TG: VW design is highly considered but rather conservative. You’ve said in the past that electrification ‘reshuffles the cards’ and offers an opportunity to be different. In which case, are the ID cars radical enough?
KB: Volkswagen is not a niche brand. We have to design cars for the world, for millions of people. We have to be brave, and I think we have been. But we also have to come up with something that is digestible not only for designers and architects. Where the intelligentsia says, “OK, this is for me, I’ll buy it no matter what it costs”. Then you end up having 50 halo cars on the road, but not five million. Wait until you see the ID 3 on the open road. It really stands out.
TG: How difficult is it overseeing the whole process in an organisation the size of VW?
KB: I can tell you that designing a car is not an easy task. You have to face not only many restrictions, you also have to bring a certain design approach to many, many board meetings. I’ve experienced 31 years of that, and I’ve seen and worked with many board members. They’re making the decisions in the end. So as a designer you are delivering what is being asked for, and you should not underestimate how big your management skills have to be, to create the value, the content. You have to negotiate and fight for every millimetre.

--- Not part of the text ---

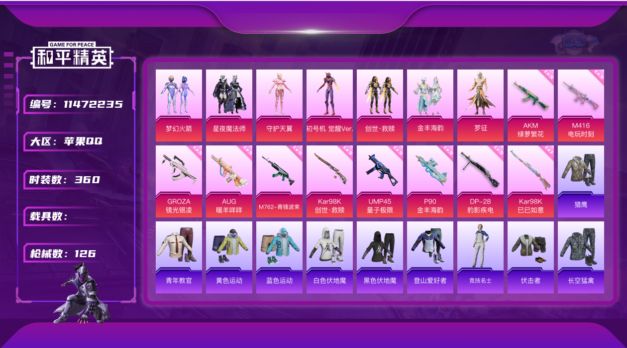 [11472235]7粉装 10特效枪 2印记 可二次 可修改实名 身法装备:初号机 觉醒Ver.(新紫螳螂),8号机(新粉螳螂),Mark.06(新蓝螳螂) 优质装备:梦幻火箭(新101)(新火箭少女101粉色套装),AKM绿萝繁花,M416电玩时刻,Kar98K创世·救赎,UMP45量子极限,P90-金丰海韵,M762-青锋波束,GROZA-镜光银凌,AUG-暖羊咩咩,罗征,Kar98K-巳巳如意 热门装扮:星夜魔法师,创世·救赎,守护天翼,初号机 觉醒Ver.(新紫螳螂),金丰海韵 稀有枪皮:DP-28-豹影疾电 五级特效枪:五级M762-青锋波束,五级P90-金丰海韵,五级UMP45-量子极限,五级GROZA-镜光银凌,五级Kar98K-创世·救赎,五级DP-28-豹影疾电,五级AUG-暖羊咩咩,五级M416-电玩时刻,五级AKM-绿萝繁花 一级特效枪:一级Kar98K-巳巳如意 紫色装扮:SS23特训,SS31特训套装,SS5特训,伏击者,冰原使者,,冷焰舞者,凛冬战士,北国孤狼,旭日情侣,SS30特训套装,云朵鹅,彩虹兔,雪绒豹,SS33特训套装,都市漫游者,酷潮明星,金鼠迎春,长空猛禽,雪山征服者,雪山精英,霓虹街区,青年教官,缤纷果语,蓝色运动,跃动心情,魅力单车,黄色运动,黑色伏地魔,龙的传人,龟仙人,蝶变,柠萌假日,圣诞大吉,战地菁英,绮丽涂鸦,疯狂小兔子,登山爱好者,白色伏地魔,甜蜜告白,空岛之星,竞技勇士朋克,牛气冲天,灰色格斗者,热血青春,猎鹰,粉日山川,雏菊兔兔,萝兰蝴蝶,SS29特训,湖畔霞光,创世·幻影,纯真浪花,热情海星,SS28特训,创世·追猎,8号机(新粉螳螂),Mark.06(新蓝螳螂),鱼渊荷华,燕燕于飞,巳巳如意,风玲,竞技名士,情公主,SS24特训(SS24特训套装),SS25特训,焰鹰斗篷,幻羽潜行,SS27特训,明鸳圣池,小丑鱼,SS26特训,春光漫游,快闪甜心,精神漫游,炽焰拳师,格斗专家,SS6特训,核芯基因,SS7特训,拳皇97草薙京,SS32特训服(SS32特训套装),绯格组合,丛林猎人,传奇侦探 优质战备:创世·救赎降落伞,精灵梦叶罗丽降落伞,初号机 觉醒Ver.降落伞,初号机 觉醒Ver.飞行器,金丰海韵降落伞,千面幻镜降落伞,太空嘟嘟降落伞,梦幻火箭降落伞,梦幻火箭飞行器,飞行器-齐天大圣

TG: Speaking of board members and taskmasters, you worked with perhaps the most demanding of all, the late Ferdinand Piëch. How was that?

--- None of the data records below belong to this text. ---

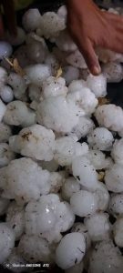 شهدت مديرية العشة شمال محافظة عمران، الأربعاء، ظاهرة جوية غير مسبوقة تمثلت في هطول أمطار رعدية غزيرة مصحوبة بحبات برد ضخمة، وصفها المواطنون بأنها بحجم راحة اليد، ما تسبب في أضرار بالغة طالت الممتلكات والمحاصيل الزراعية.
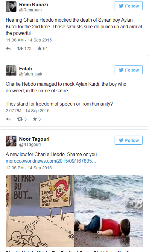 推特网友也对此纷纷表示谴责,不少人表示,先是对穆斯林表示不敬,现在又这样恶搞遇难的小艾兰,《查理周刊》的这种行为实在是让人感到不齿。还有人担心,查理的调侃很可能再次引发激进分子的报复。
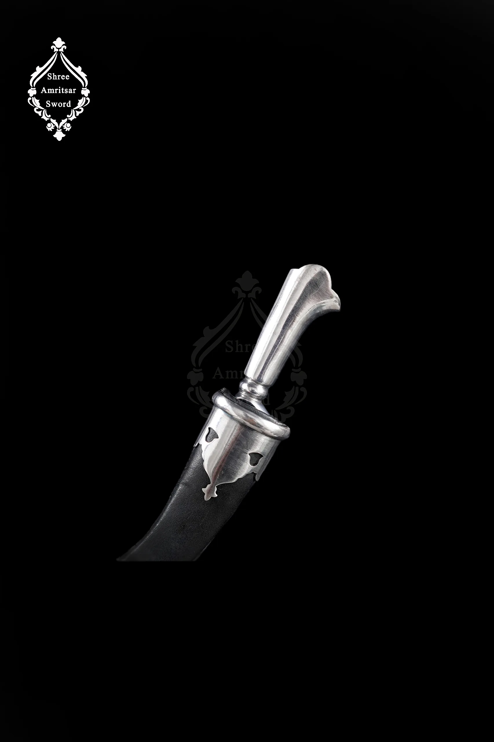 The iron hilt is ergonomically designed for a secure and comfortable grip, reflecting the traditional Sikh design that has been honored for centuries. The black scabbard complements the polished blade, providing both protection and elegance. Weighing approximately 100 gm (150 gm with sheath), each kirpan may vary slightly due to its handcrafted nature, ensuring every piece is unique.

KB: The experience of a lifetime. I did the Phaeton with him, and we were working on the interior. At one design review he said, [adopts higher-pitched voice] “that’s not enough.” I thought, “next time I get you”, and I built what is still the most expensive interior mock-up in the company’s entire history. Actually a fully functional mock-up of the entire car, inside and out. Fantastic. He said [higher-pitched and slow], “ahhhh, now it is right”. Believe me, that was the utmost compliment you could achieve.
TG: And now you’re across the whole thing. How on earth do you find the time?
KB: I have two jobs. My frequency on Group work is currently 15 or 20 per cent of the day, the rest is for Volkswagen. In July, Jozef Kaban takes over and I can concentrate my full attention on the Group. At the moment I’m setting up the team and preparing all the strategies that need to be put in place. There’s a lot to do. Helping the brands through the transformation, to keep them apart but to bring them together where they need to be together, to cope with the tough demands of digitalisation and create a great user experience.
TG: You once observed that you won’t get very far just thinking in terms of pure design. Can you elaborate on that?
KB: You need to understand the core of brands, where they are coming from, where they can possibly go to and it’s not just about the guy moving lines up and down. What’s the purpose of a brand, what’s it’s reason for being there? What’s its heritage? And how can this be transformed into a digital and environmentally friendly future?